___ Data section ___
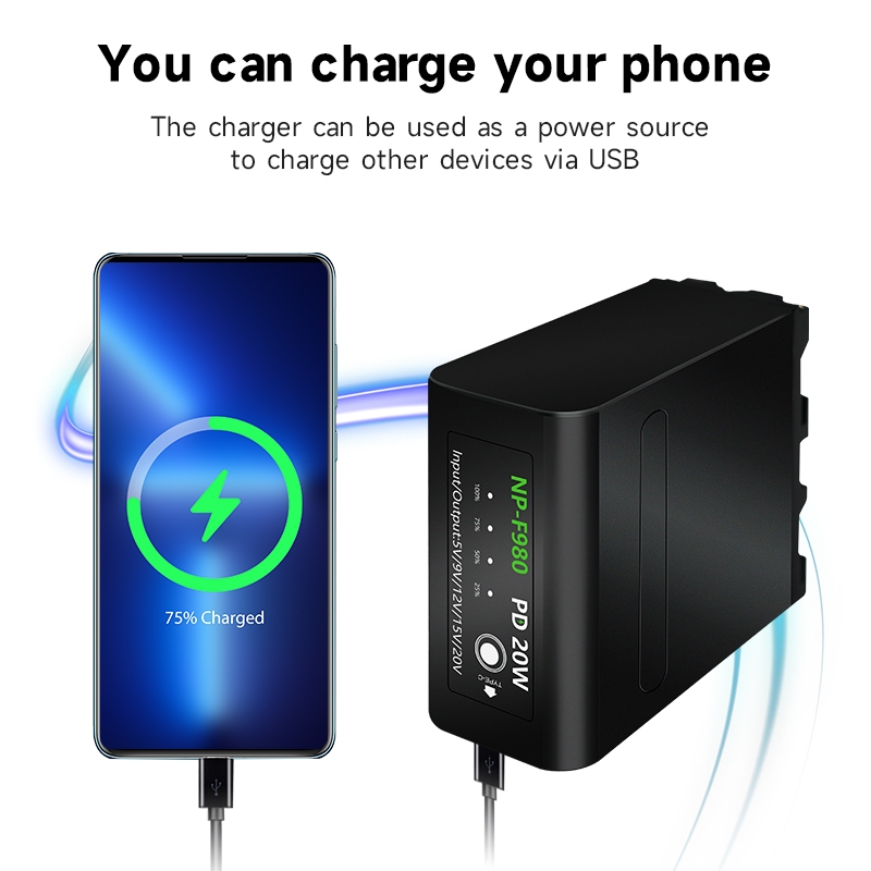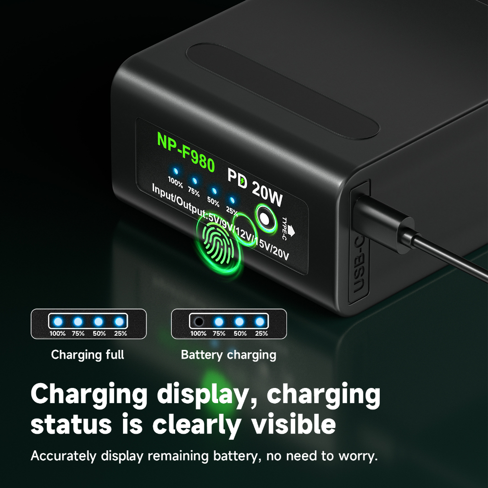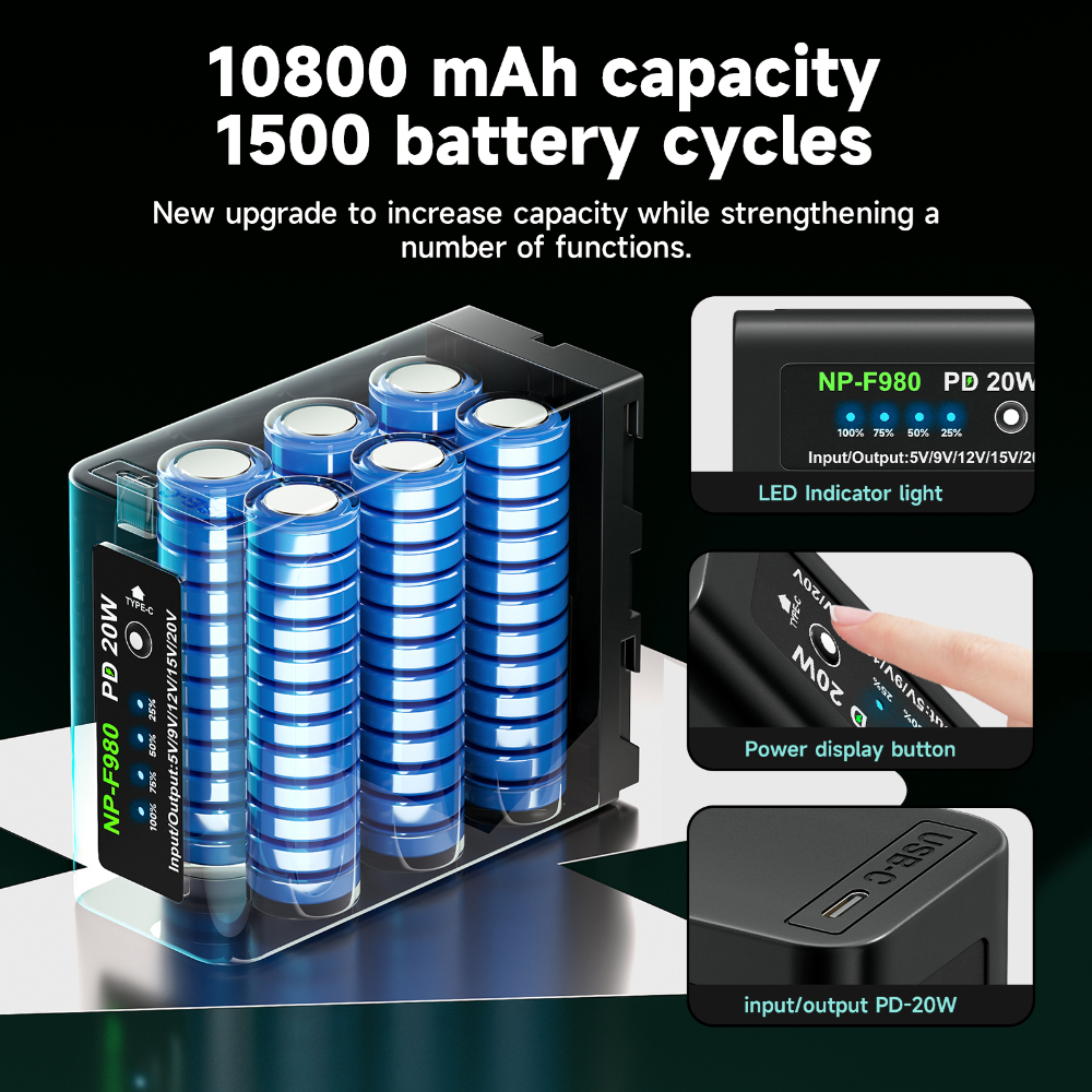 PALO Baterai Sony NP-F960 F980 F970 10800mAh - Isi Ulang Cepat PD-20W via USB untuk Kamera CCD-TRV35/TRV940/RV100
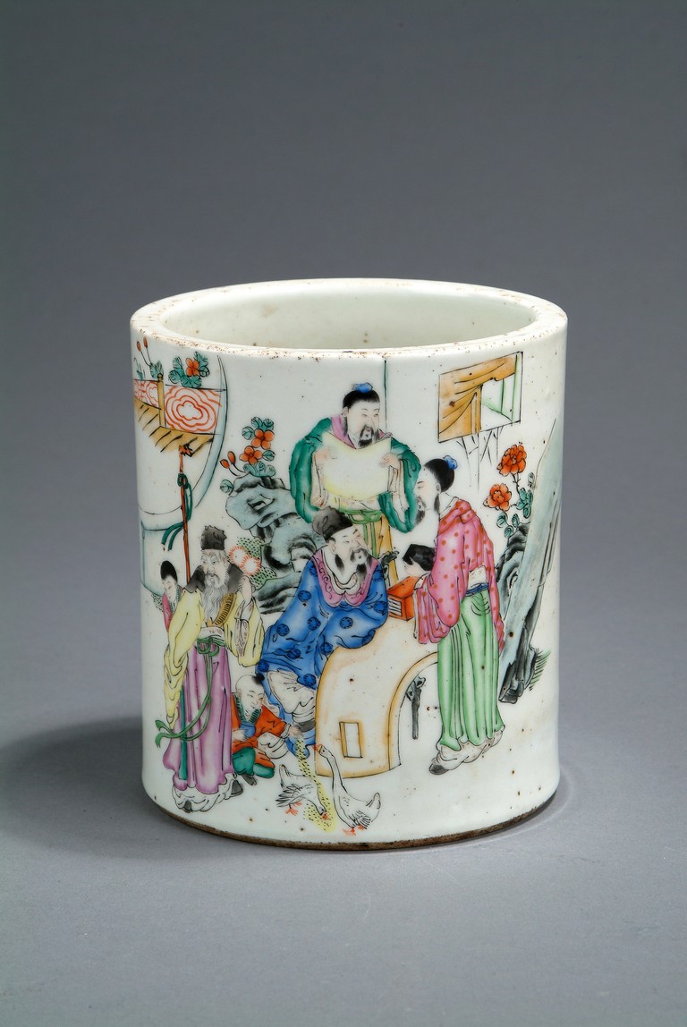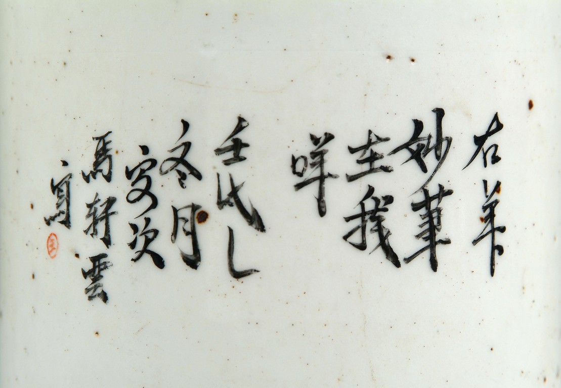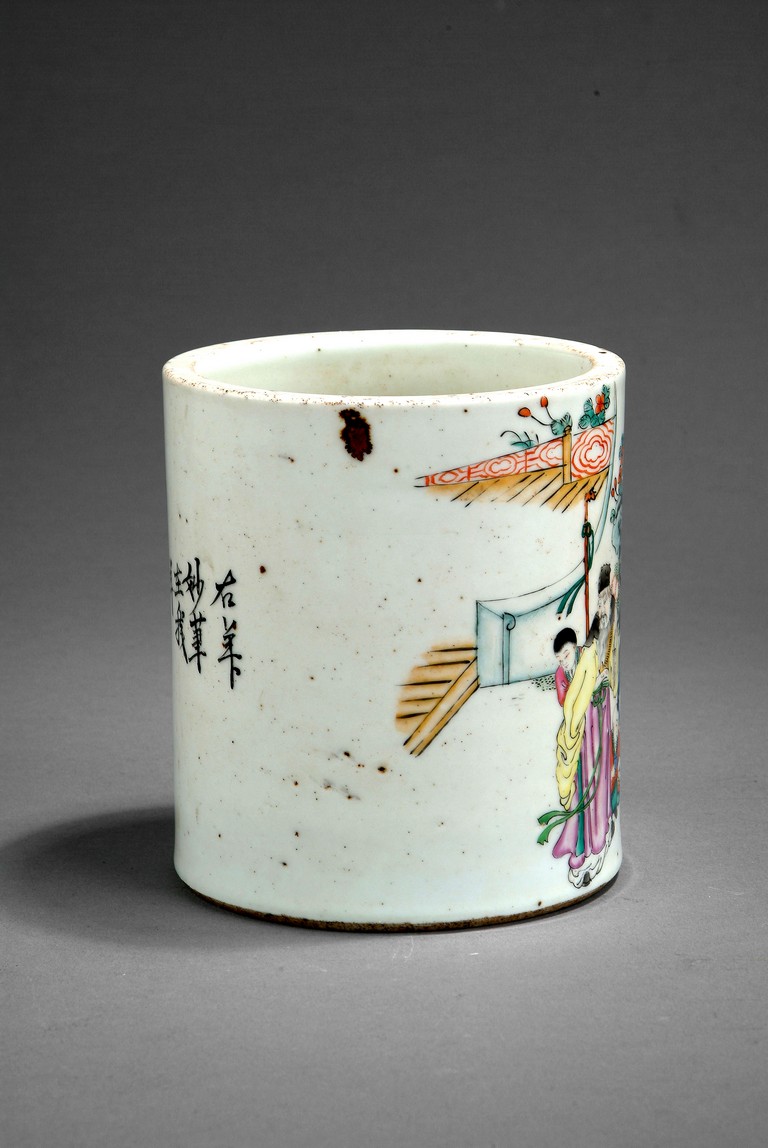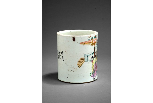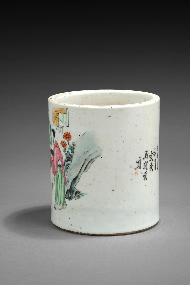 Early 20th C. Of cylindrical shape, enameled around the exterior with a scene that depicts a few scholars and a child gathered in a garden setting, a set of calligraphy and artist seal on the back, all reserved on an white ground with a four character 'MAYUNXUAN' mark on the bottom.
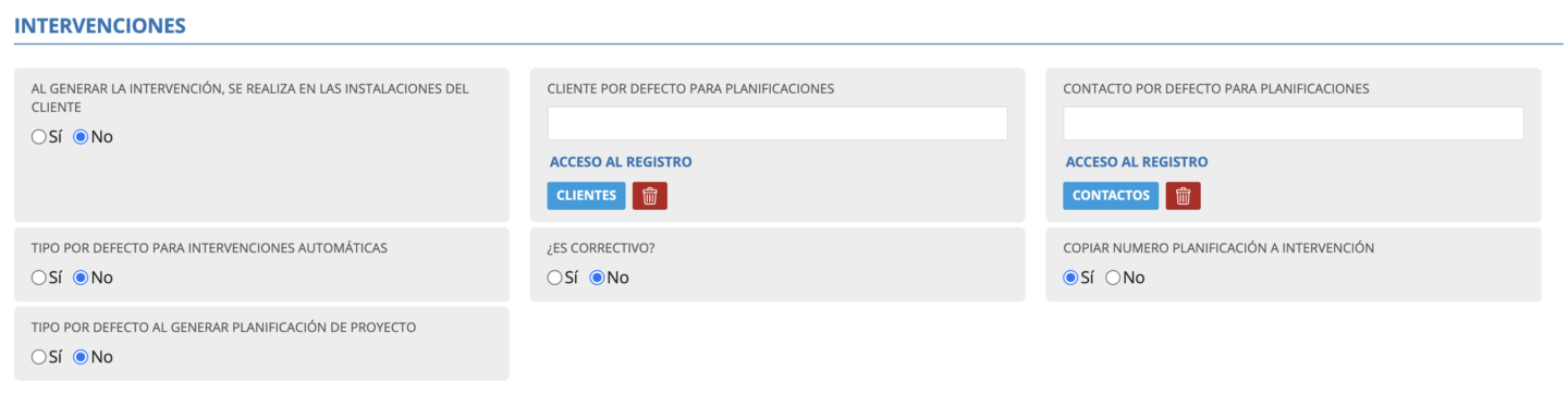 - Contacto por defecto para planificaciones
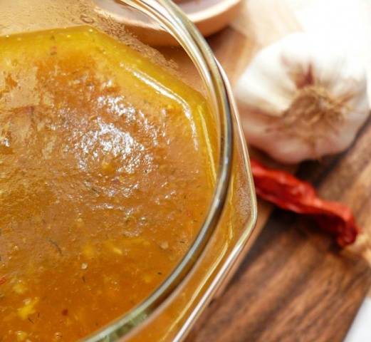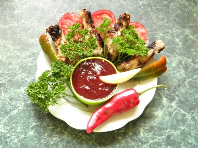 Incluso por el nombre de esta salsa picante, se puede entender que provino de la caliente Georgia. Salsa tkemali de ciruelas: un plato tradicional de la cocina georgiana, se prepara con la adición de una gran cantidad de especias, especias y hierbas. El tkemali es bueno para la salud, pero solo lo pueden comer quienes no tienen problemas de estómago, porque la salsa es bastante picante. La receta tradicional de tkemali implica el uso de ciruelas georgianas de color rojo o amarillo, su variedad también se llama tkemali. Hoy en día, las recetas para la salsa son muy diversas: en lugar de ciruelas, puede usar bayas (grosellas, grosellas o espinas), y la menta georgiana (ombalo) se reemplaza con menta común o no se agrega al plato en absoluto. El tkemali agrio con aves de corral es especialmente sabroso, pero se come con pescado y carne, agregado a la pasta o la pizza.
___
Copy out exactly, with no pictures, the lines of the data from the first one through the line bearing "- Contacto por defecto para planificaciones".

 PALO Baterai Sony NP-F960 F980 F970 10800mAh - Isi Ulang Cepat PD-20W via USB untuk Kamera CCD-TRV35/TRV940/RV100
 Early 20th C. Of cylindrical shape, enameled around the exterior with a scene that depicts a few scholars and a child gathered in a garden setting, a set of calligraphy and artist seal on the back, all reserved on an white ground with a four character 'MAYUNXUAN' mark on the bottom.
 - Contacto por defecto para planificaciones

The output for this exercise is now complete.